On the non-submodularity of the problem of adding links to minimize the effective graph resistance

TL;DR

This paper investigates the problem of adding links to a network to minimize effective graph resistance, demonstrating that the problem is not submodular and that greedy algorithms lack guaranteed solution quality, even for small graphs.

Contribution

It provides a counterexample showing the non-submodularity of the problem and analyzes the limitations of greedy algorithms in this context.

Findings

Submodularity ratio approaches zero in certain graph families.

Greedy algorithm solutions can be significantly worse than optimal.

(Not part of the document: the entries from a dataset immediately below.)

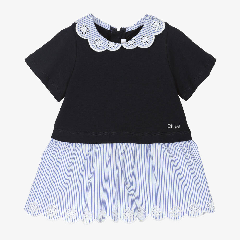 A lovely blue organic cotton dress for little girls by luxury brand Chloé. It has sweet scalloped trims, detailed with pretty flower pattern embroidery. The navy blue bodice is made in soft jersey and the striped skirt is gently gathered in lightweight poplin. There is a concealed zip fastening on the back and signature Chloé embroidery on the front.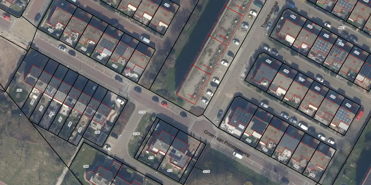Het perceel waarop Troelstrastraat 8 staat heeft een oppervlakte van 3685 m². Dit is een zeer groot perceel. De perceeloppervlakte wordt geregistreerd door het Kadaster. Gedetailleerde informatie over de maten van dit perceel kunt u vinden in het rapport Kadastrale kaart met maatvoering van Troelstrastraat 8.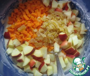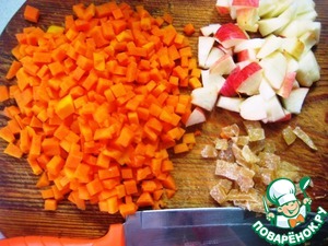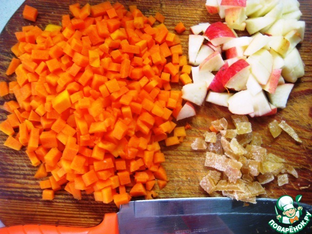 Свежую тыкву и засахаренный имбирь нарезать мелким кубиком, яблоки - небольшими кусочками.

Even small graphs can exhibit a solution ratio as low as 0.878.

Abstract

We consider the optimisation problem of adding $k$ links to a given network, such that the resulting effective graph resistance is as small as possible. The problem was recently proven to be NP-hard, such that optimal solutions obtained with brute-force methods require exponentially many computation steps and thus are infeasible for any graph of realistic size. Therefore, it is common in such cases to use a simple greedy algorithm to obtain an approximation of the optimal solution. It is known that if the considered problem is submodular, the quality of the greedy solution can be guaranteed. However, it is known that the optimisation problem we are facing, is not submodular. For such cases one can use the notion of generalized submodularity, which is captured by the submodularity ratio $\gamma$. A performance bound, which is a function of $\gamma$, also exists in case of generalized submodularity. In this paper we give an example of a family of graphs where the submodularity ratio approaches zero, implying that the solution quality of the greedy algorithm cannot be guaranteed. Furthermore, we show that the greedy algorithm does not always yield the optimal solution and demonstrate that even for a small graph with 10 nodes, the ratio between the optimal and the greedy solution can be as small as 0.878.